Nonprofits
Director retires after 50 years as Tara Hall plans changes
After 50 years of working at Tara Hall Home for Boys, Jim Dumm is retiring.
“It’s bittersweet,” Dumm said. “But I’m ready for it.”
The nonprofit is a residential facility for troubled boys.
The facility will be converted into a non-residential school for girls and boys which could be open as soon as next year.
“Going through this change, it might be a good time to bow out,” Dumm said. “I’ll still be supportive and consult with them, especially if they end going into the education field. Maybe I can be helpful at some level.”
When the COIVD-19 pandemic struck in March, Tara Hall residents were sent home to their families.
“COVID has really done a number of us,” Dumm said.
The boys were brought back for a short time, and then sent home again in July when a couple of people tested positive for COVID-19.
“We just felt like it would be best for the kids to be with the families,” Dumm said. “We were hopeful that maybe by October we would be able to bring them back.”
The boys have not returned, but staff has continued to work with them virtually.
“In addition to COVID, for the last four, five even six years, our numbers have been down,” Dumm said. “It really wasn’t cost effective.”
At one time Tara Hall was licensed for 24 boys and then that was changed to 18. Recently they’ve averaged 14.

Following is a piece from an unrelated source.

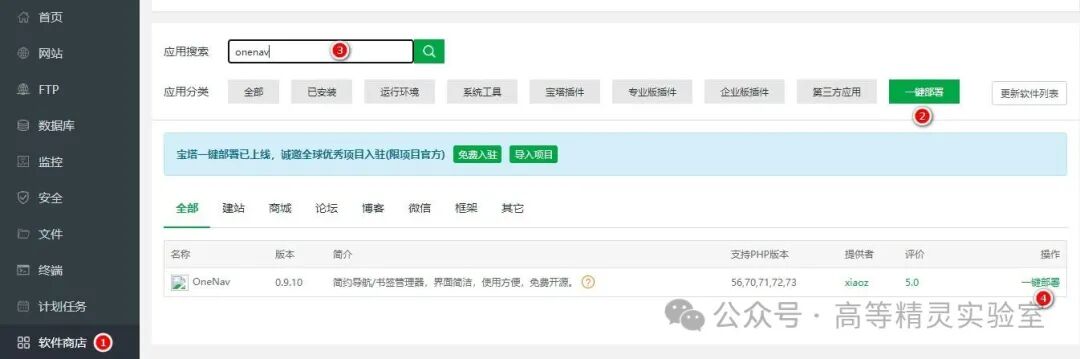 笔者虽没有使用宝塔,但使用宝塔的朋友却不少,在此就直接搬官方的文档了。OneNav已上架宝塔商店,通过宝塔后台 -> 软件商店 -> 一键部署 -> 搜索onenav,并点击一键部署。(上架宝塔需要人工审核,可能导致宝塔一键部署不是最新版本)。
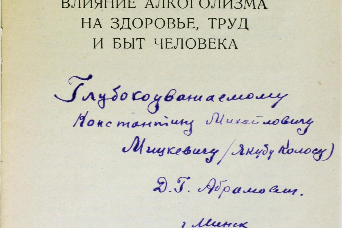 А у асабістай бібліятэцы Якуба Коласа захоўваецца кніга “Влияние алкоголизма на здоровье, труд и быт человека” (Минск, 1954 г.), якая выйшла пад рэдакцыяй доктара медыцынскіх навук, прафесара М.А.Чалісава і кандыдата медыцынскіх навук Д.Р. Абрамовіча. Напэўна Абрамовіч захацеў падзяліцца сваімі дасягненнямі з паэтам і нават пакінуў на кнізе дарчы надпіс: “Глубокоуважаемому Константину Михайловичу Мицкевичу (Якубу Коласу). Д.Г. Абрамович г. Минск, 21/ ІХ 1954 г.”.

Dumm said state and federal guidelines for placing children have changed and fewer kids are being sent to group homes.
“They don’t think group care, in the long run is good for children,” Dumm said. “Our statistics would argue an awful lot with them.”
Dumm, 70, first arrived in Georgetown County in 1970 from Altoona, Pa., as a volunteer with Volunteers in Service to America assigned to Tara Hall.
In 2011, Dumm was awarded the Order of the Silver Crescent, the state’s highest honor for people making contributions to their local communities.